L'influence de l'hélice et du sens de rotation

Pour les embarcations motorisées, la présence d'une hélice introduit un facteur de perturbation majeur. Il est important de se renseigner au préalable sur le sens de rotation de l'hélice du moteur. Ce détail, souvent négligé, a une incidence directe sur l'emplacement idéal de la sonde. Certaines hélices tournent dans le sens des aiguilles d'une montre, ce qui correspond à un pas à droite. À l'inverse, une hélice avec un pas à gauche tourne dans le sens inverse des aiguilles d'une montre. Le mouvement rotatif de l'hélice crée un flux d'eau turbulent et un nuage de bulles d'air qui se propagent derrière le moteur. Ces bulles sont de véritables obstacles pour les ondes sonores émises par la sonde, car elles peuvent les disperser ou les absorber, empêchant ainsi un retour précis du signal vers le sondeur.
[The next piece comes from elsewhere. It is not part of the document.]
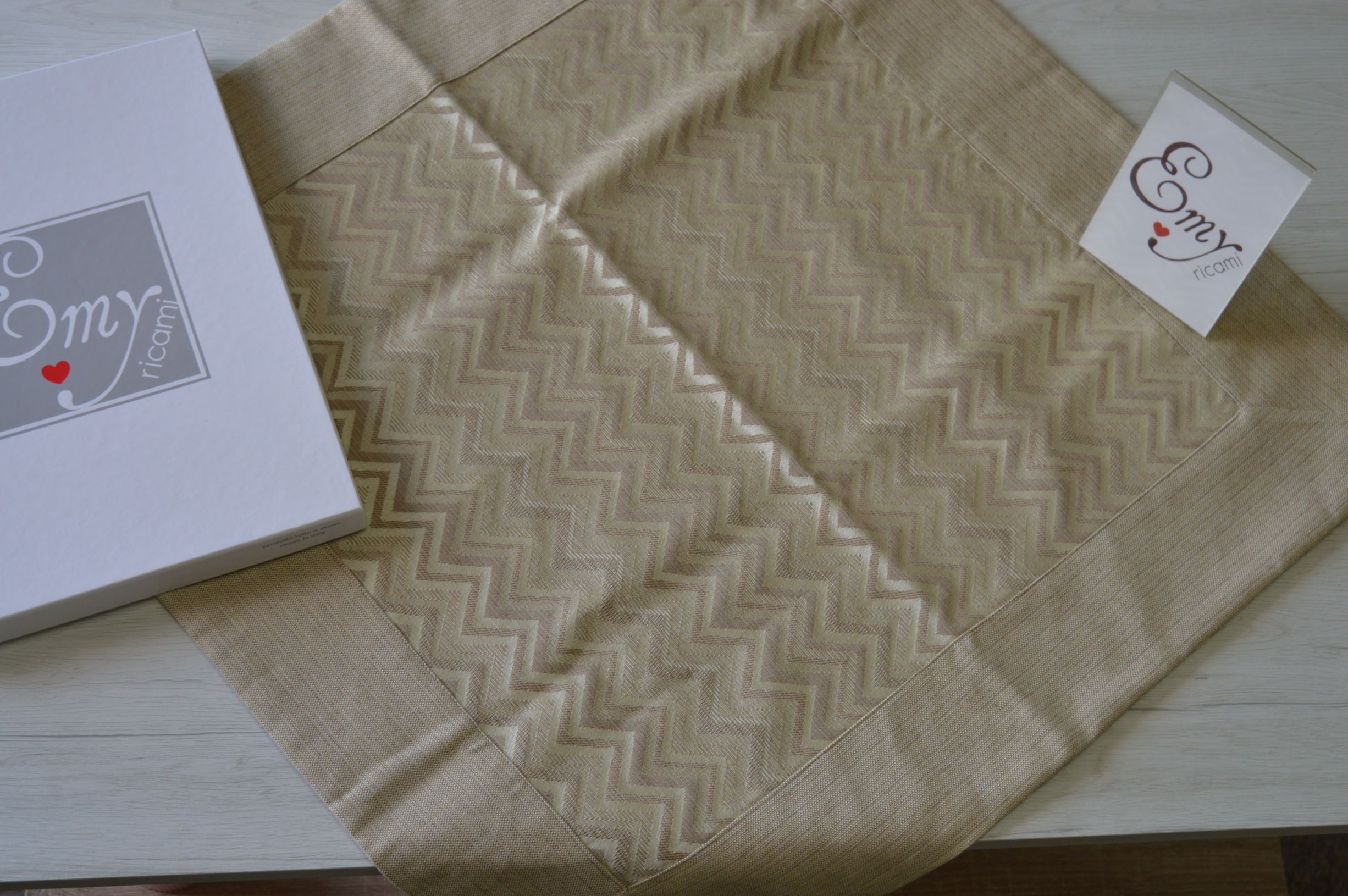 CENTROTAVOLA MIS CM 68x68 COMPOSIZIONE 65% COTONE 35% POLIESTERE CONFEZIONATO CON ANGOLI SQUADRATI COLORE BEIGE E TORTORA CONFEZIONATO IN UN ELEGANTISSIMA SCATOLA PERSONALIZZATA EMY RICAMI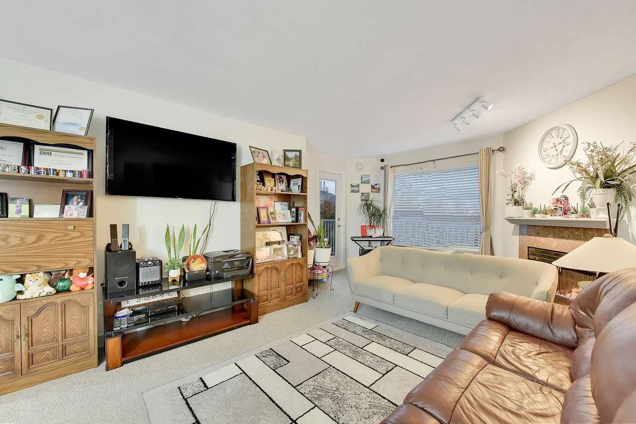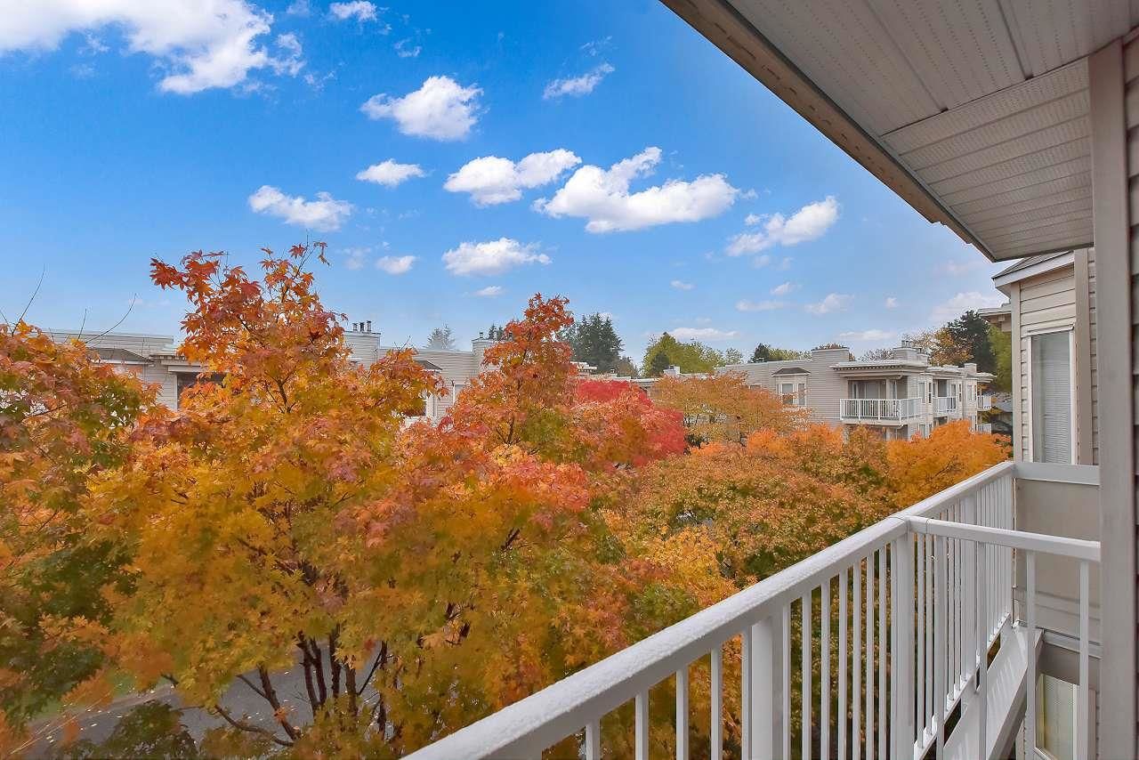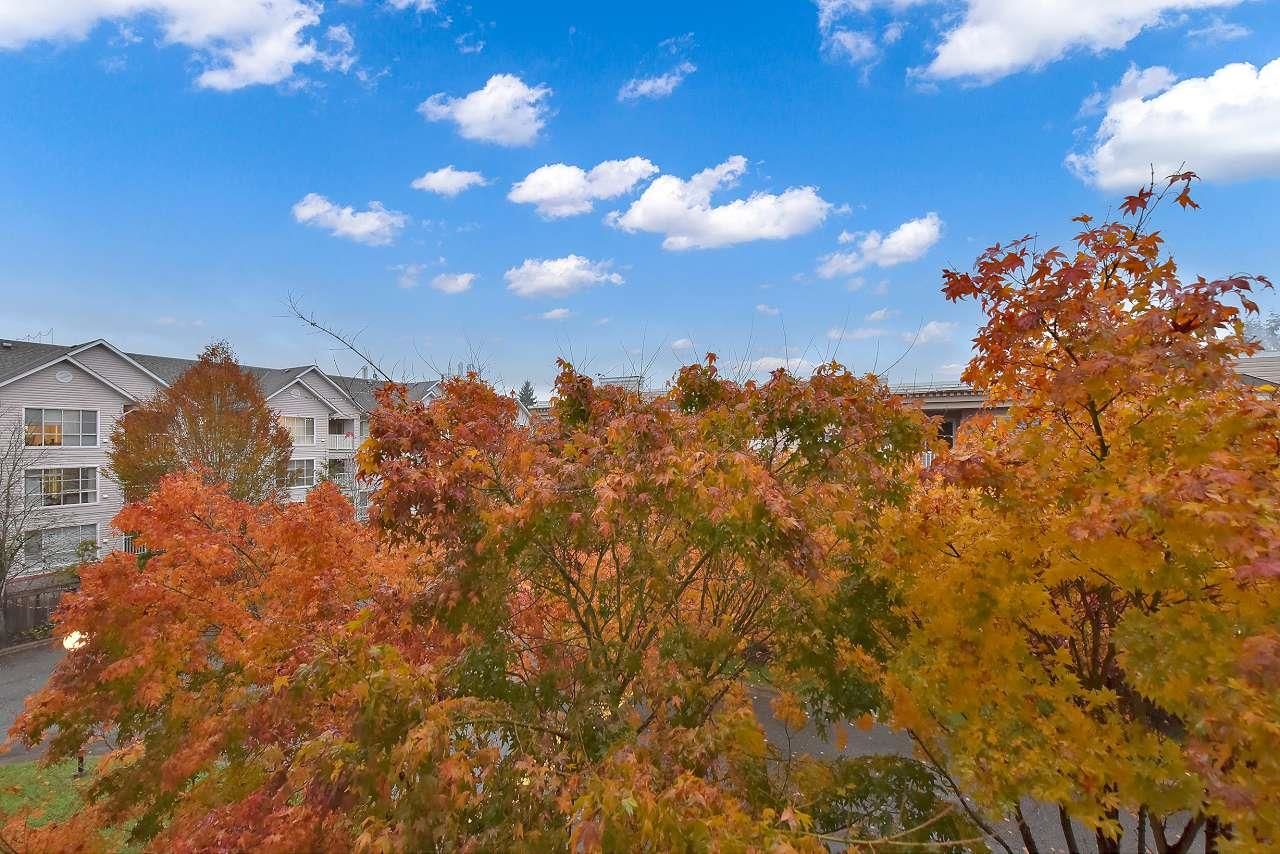 Gorgeous and Affordable + 2 Parking stalls! TOP FLOOR unit in popular Westchester Place! This spacious 2-bedroom, 2-bathroom condo offers more than 1,000 sqft with a smart, functional layout that includes space for a home office/den, plus full-size laundry, a cozy gas fireplace, and an east-facing covered balcony with peaceful view of flourishing trees and foliage; perfect for morning coffee/evening relaxation. Comes with 2 parking stalls and a storage locker. Updated with new counter tops, washer/dryer. Strata fees include Gas & Hot-water. Conveniently located near bus route #320, and quick access to the SkyTrain and Highway 1. Walk to Schools, Guildford Mall, T&T, Restaurants, Library, Gym, Pool, etc. This gem combines comfort, convenience and value in an unbeatable Guildford location!

Pour contrer ce phénomène, la sonde doit être placée stratégiquement. Plus spécifiquement, la sonde doit être placée côté tribord (à droite) quand l'hélice à un pas à droite. Cette position est choisie car elle se trouve dans une zone où le flux d'eau est généralement moins perturbé par les bulles générées par l'hélice. Inversement, pour le pas à gauche, la sonde devra être installée côté bâbord (à gauche). Cette disposition intelligente permet de limiter grandement les perturbations et les bulles d'air créées par l'hélice quand le bateau est en marche, assurant ainsi une meilleure qualité de lecture du sondeur, même à vitesse élevée. Bien que de nombreux kayaks soient propulsés par des pagaies ou des pédales, cette règle reste pertinente si un moteur électrique auxiliaire est envisagé, ou pour comprendre les principes généraux de l'hydrodynamique autour d'une sonde.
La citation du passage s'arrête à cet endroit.